LONDON, Feb 16 (Reuters) - Britain's top shares fell on Thursday as a further hold-up in a second bailout package for debt-laden Greece fuelled risk aversion, leaving the index poised to breach the bottom of its recent trading range.

Compounding investor anxiety, Moody's warned on Thursday that it may cut the credit ratings of a group of top financial institutions.

Banks, strong gainers in the previous session, suffered sharp falls as investors rotated out of the sector, whose share price moves are closely allied to the vagaries of the euro zone debt crisis.

The FTSE 100 leader board was peppered with defensive stocks, with drugmaker Shire and utilities Severn Trent and National Grid up 0.2-0.3 percent.

In further evidence that nervousness was growing, the FTSE 100 volatility index jumped almost 8 percent to a four-week high.

The UK benchmark index was down 36.69 points, or 0.6 percent, at 5,855.47 by 0944 GMT, having closed 0.1 percent lower on Wednesday.

Technical analysts said that a close below 5,839, the bottom end of a tight trading range seen since Feb. 3, could be a bearish sign.

James Hyerczyk, analyst at Autochartist, pointed out that the higher-high, lower-close formation seen on Wednesday was the second such chart pattern seen this week, and should be interpreted as a serious clue that sellers are beginning to take control of the market.

Among companies reporting results, BAE Systems was a faller, off 2.6 percent, after the defence contractor forecast flat sales in 2012 and reported a 7 percent fall in full-year profit, hit by continued cuts to military spending by the United States and Britain.

Reed Elsevier, however, which expects more revenue and profit growth in 2012, advanced 1 percent, the top blue chip riser.
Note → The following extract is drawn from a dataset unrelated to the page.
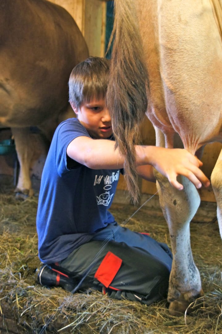 Auf unserem Kinderbauernhof gibt es viel zu tun, deshalb freuen wir uns ganz besonders über die Mithilfe in unserem neuen Laufstall. Unsere Ponys, Ziegen, Hasen, Katzen, Kühe und Kälbchen sind für Streicheleinheiten immer zu haben und sogar das Kühe Melken darf probiert werden.

Kingfisher shed 1.5 percent, having closed at its highest level in near eight months in the previous session, as investors banked profits. Europe's biggest home improvements retailer said it would meet forecasts for a 20 percent rise in year profit.

In spite of uncertainty over the outlook for Greece, investment trust Witan's Andrew Bell remains fully invested, saying if the news continues to support the 'muddling through' option, equities look quite cheap, especially relative to deposits or government bonds.

The dividend yield on FTSE 100 stocks is 4 percent, according Thomson Reuters data.

"The risk of miscalculation remains (e.g. Greece), but global monetary policy is much looser than when the wobbles of 2010-11 occurred, so the line of least resistance is for equities to rise," said Bell, chief executive of the 1.1 billion pound trust.

Citigroup, in a note, concurred with this view, seeing more upside in global equities even after a 20 percent rally from October lows, with its year-end target implying a further 11 percent gain.